Interview with author Cath Hensby Worboys


Cath Hensby Worboys is interviewed by a good friend.
Cath Hensby Worboys, author of the Christian children’s fantasy novel The Pale-Faced Girl, has shared the story behind the book in a YouTube interview with Emma, Communications Officer and a leader at Buckskin Evangelical Church, Basingstoke.
“My first question is, for how long did you actually want to be a writer?” Emma asks.
“Oh gosh, nearly as long as I can remember.”
Cath says that since she was seven years old she knew that she wanted to write a book and that she would often write and illustrate stories as a child. Now being published is a dream come true.
“What’s inspired you to write it?” Emma asks next.
Given that the book has taken a long time to come about, Cath explains that it is a difficult one to answer. However, she recalls when the idea first came about, twenty years previously. She was on holiday in Peru with her husband, visiting the Amazon Rainforest. On the long “5 hours or so” journey back, on a boat along the Amazon River, she recalls that she had alot of time to think and rest. It was in these moments that the idea for this book cameinto her mind, which bit by bit grew from there.

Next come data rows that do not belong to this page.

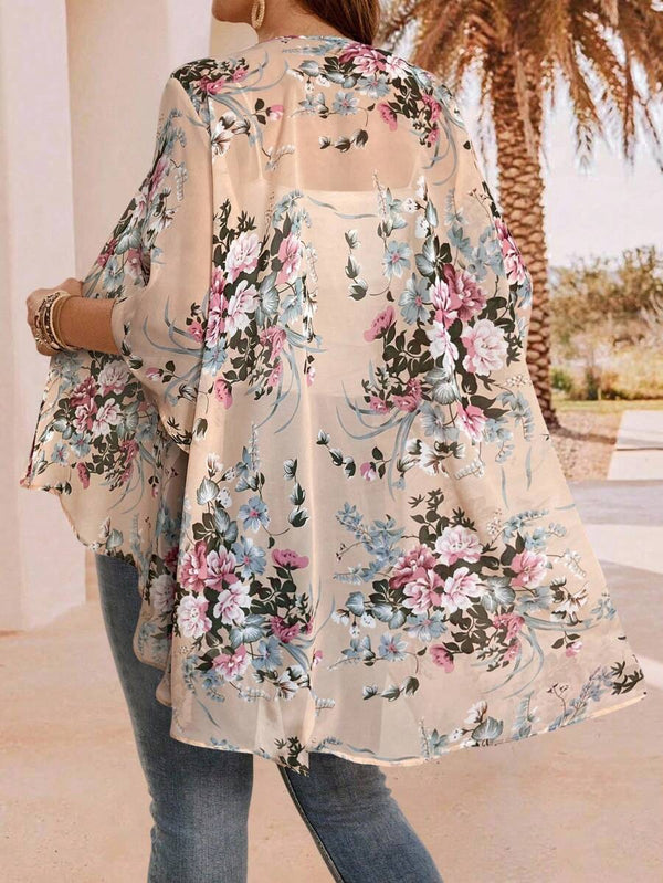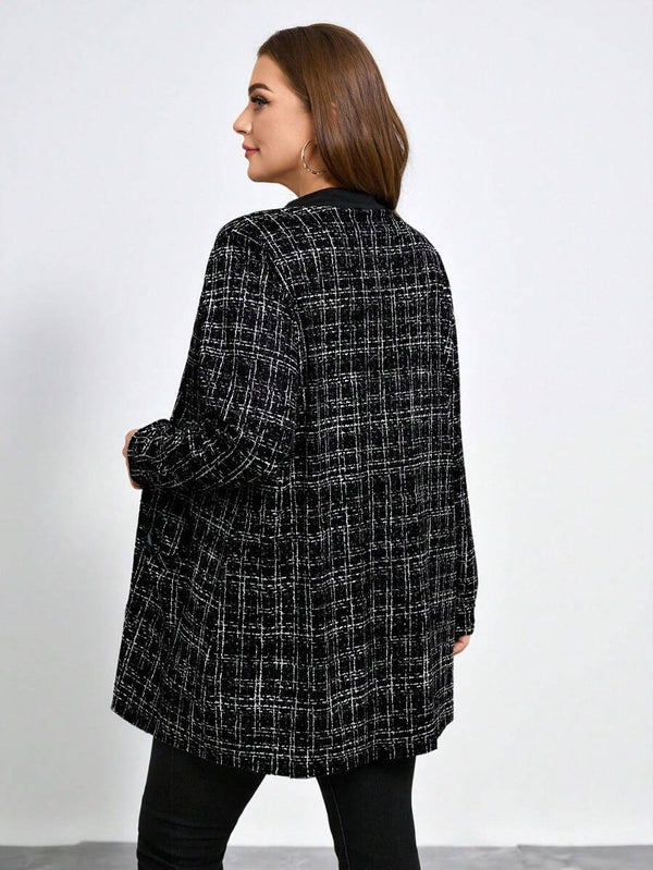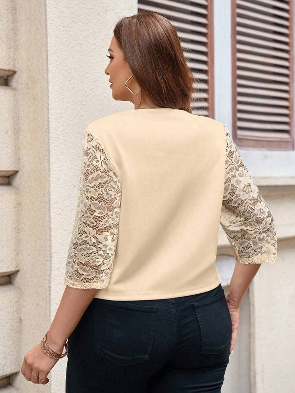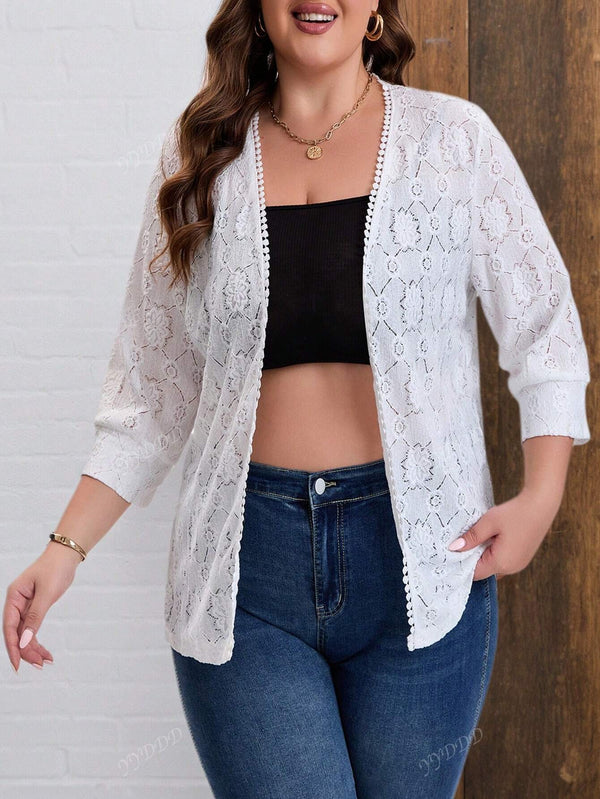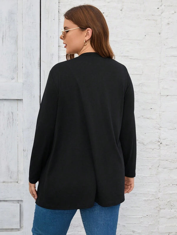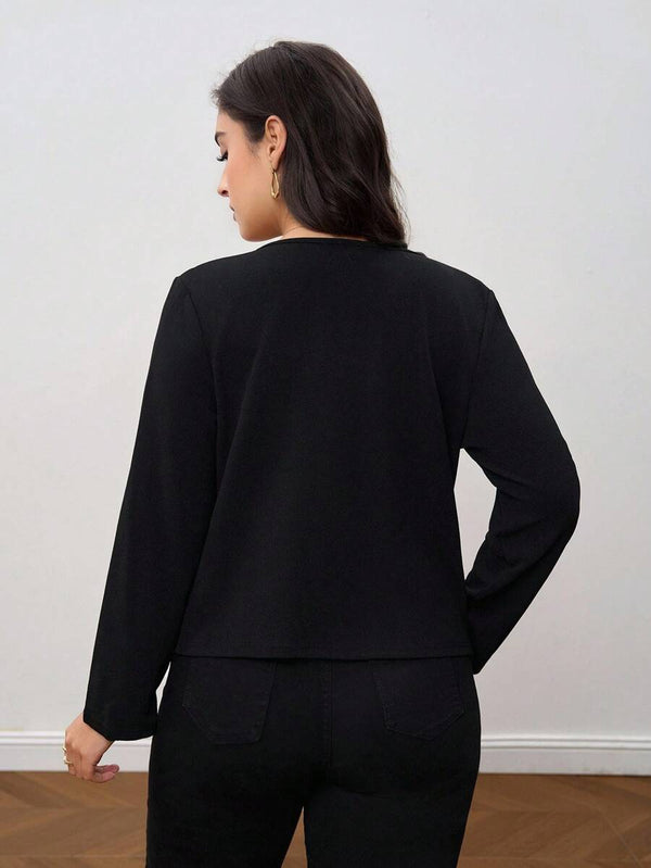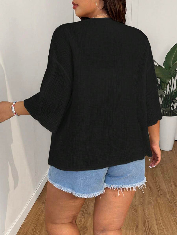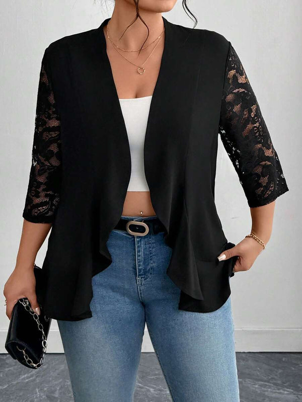 LUNE Textured Fabric Open Front 3/4 Sleeve Fitted Plus Size Jacket Open Front Top Plus...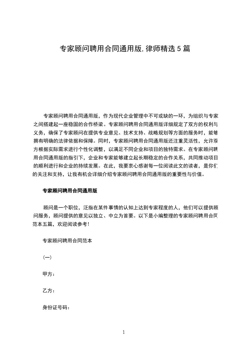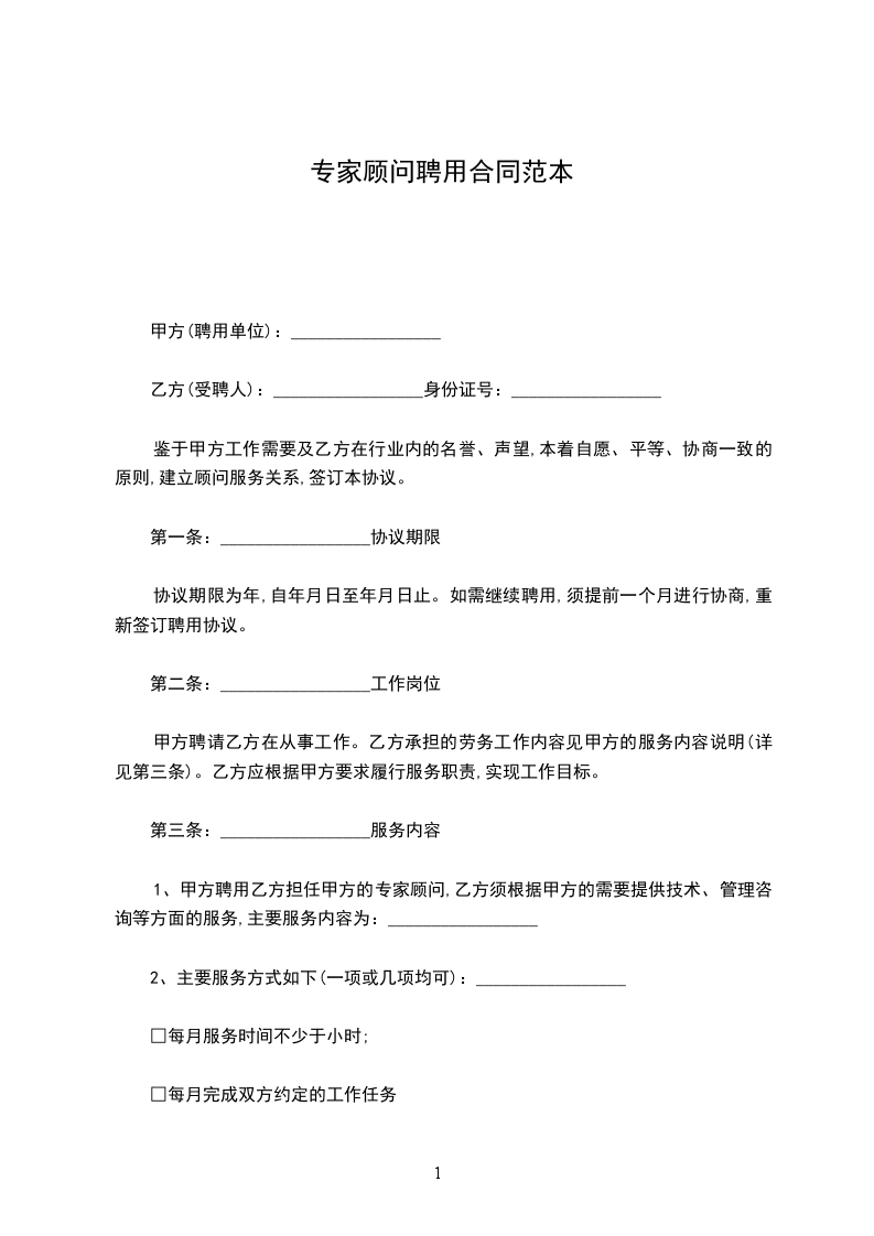 1、甲方聘用乙方担任甲方的专家顾问,乙方须根据甲方的需要提供技术、管理咨询等方面的服务,主要服务内容为:_________________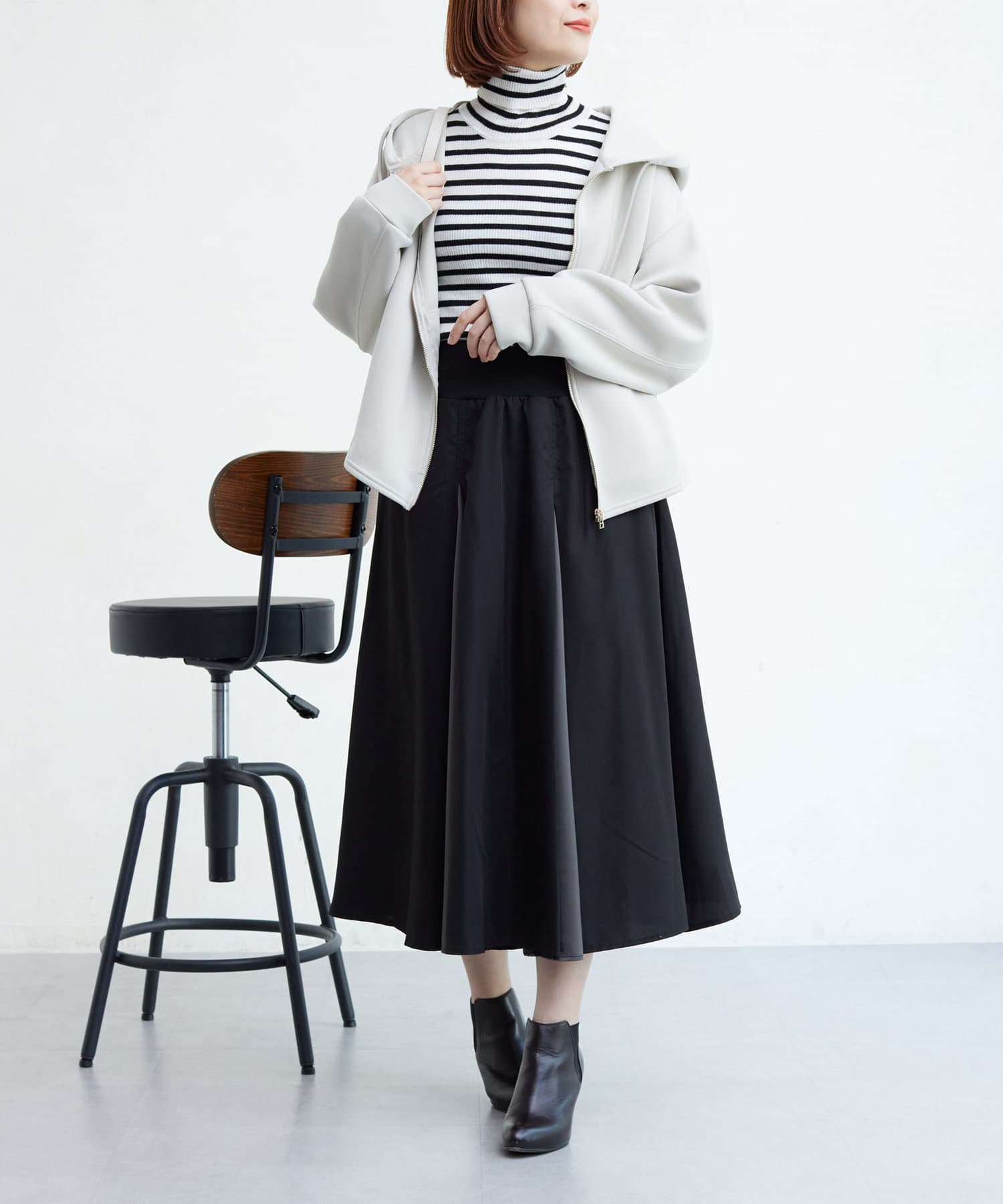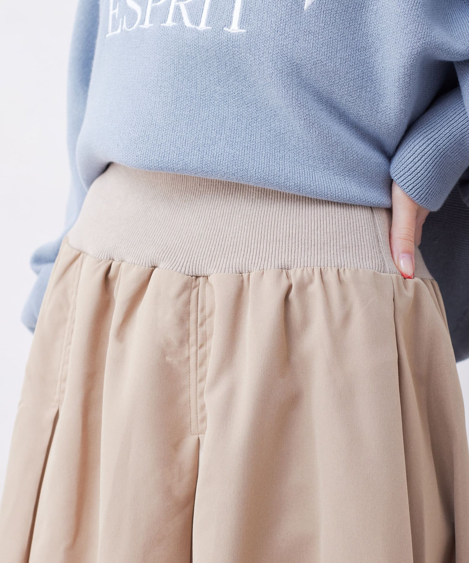 ウエスト太めのゴム仕様。ストレスなく着用でき、

See full interview below, or to watch on Youtube Click Here.
The fact that it’s written and finished is amazing in itself and could never have happened without God’s help.
About the Book
The Pale-Faced Girl
“There’s so much darkness over this town.” The pale-faced girl turned to Jack with sorrowful eyes. “Can you see it?”
Small patches of darkness had emerged across the town, ugly and menacing. Jack shuddered. His eye fell upon a low oblong building towards the west of town. It was obscured by a patch which seemed larger, darker and more sinister than the rest, and threatened to consume the entire building. Jack realized with a shock what he was looking at.
“That’s my school!”
Soon Jack finds himself on a quest to uncover the Dark forces that threaten to bring danger to his school. What are the secrets being shared in hushed whispers? What Darkness is hidden in the library? And how is Mrs Grimshaw, the deputy head teacher, involved in it all?